INFORMATION SHOWN =>
§
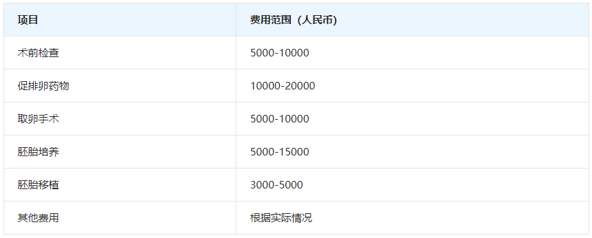 试管婴儿的费用因地区、医院和治疗方案的不同而有所差异。一般来说,一个周期的试管婴儿费用包括以下几个方面:
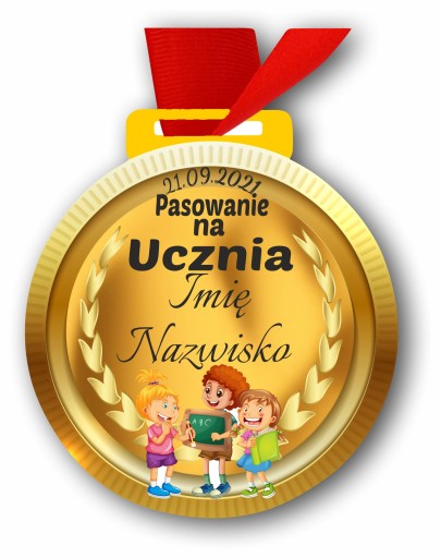 - oraz z jakiej okazji ma być medal pasowanie na ucznia, pierwszoklasistę , przedszkolaka.
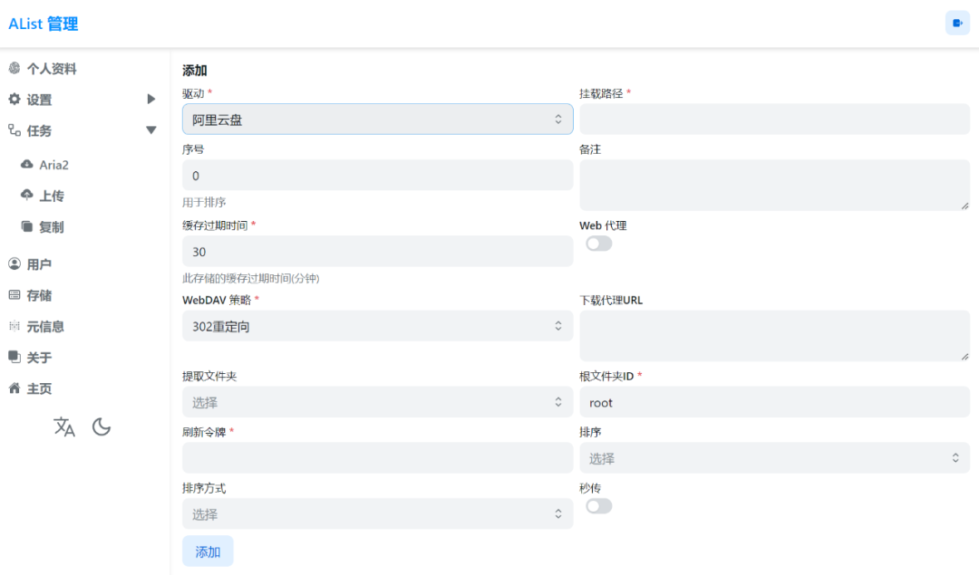 添加一个阿里网盘试试,需要填写一些参数,每个网盘添加的方式都有一点区别。
§
TASK GOAL => Would you set down each line of the listing above exactly, apart from the pictures?

WRITTEN ANSWER =>
 试管婴儿的费用因地区、医院和治疗方案的不同而有所差异。一般来说,一个周期的试管婴儿费用包括以下几个方面:
 - oraz z jakiej okazji ma być medal pasowanie na ucznia, pierwszoklasistę , przedszkolaka.
 添加一个阿里网盘试试,需要填写一些参数,每个网盘添加的方式都有一点区别。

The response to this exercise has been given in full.